Earlier this week, we came across reports from OnePlus customers about fraudulent activity with their credit cards after they made a purchase from OnePlus’ official website oneplus.net. As soon as these reports surfaced, OnePlus swung into action and started their investigation. The company two days ago also disabled credit card payments on their website to prevent any further inconvenience to its customers. Now, OnePlus is almost done with its investigation, and, has admitted that up to 40,000 customers are affected by this credit card security breach on their website.
While detailing its findings in a post on its official forums, OnePlus revealed that up to 40,000 customers who made a payment using their credit cards have been affected. The company has said that they have also sent out emails to those who are possibly affected.
Moreover, OnePlus has also revealed that their systems were attacked by a malicious script which was injected into the code of their payment page to steal credit card information directly from the user’s browser.
That malicious script has been removed and the company says that infected server has also been quarantined. If you happen to have made a purchase from oneplus.net using a credit card between mid-November 2017 and January 11, 2018, then you may be affected by this security breach.
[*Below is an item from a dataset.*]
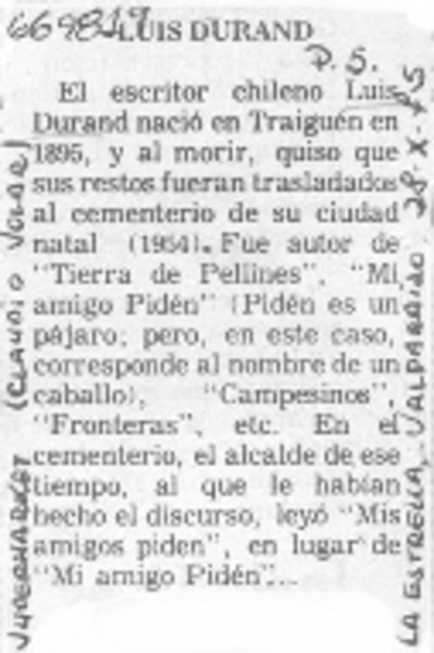 El escritor Luis Durand [artículo] Marino Muñoz Lagos

Hence, you are advised to check your bank statements immediately and get in touch with your bank if you notice anything suspicious.
Having said that, those users who paid using a saved credit card or via PayPal during the aforementioned time period need not worry much about this security breach.
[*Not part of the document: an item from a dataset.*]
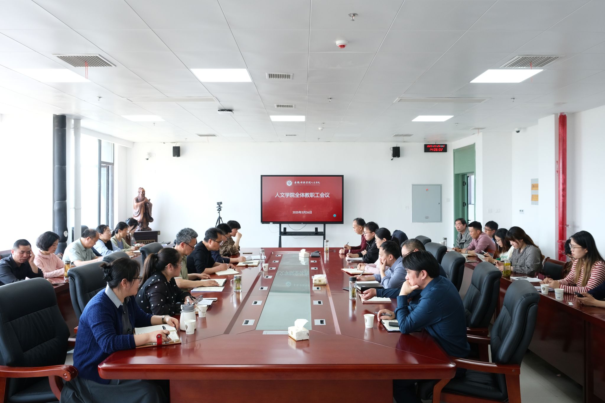 3月26日下午,人文学院在学院会议室召开全体教职工会议,总结和部署推进本学期学院重点工作。会议由学院正处级组织员张严政主持。

“We cannot apologize enough for letting something like this happen. We are eternally grateful to have such a vigilant and informed community, and it pains us to let you down. We are in contact with potentially affected customers. We are working with our providers and local authorities to better address the incident. We are also working with our current payment providers to implement a more secure credit card payment method, as well as conducting an in-depth security audit. All these measures will help us prevent such incidents from happening in the future.” said OnePlus.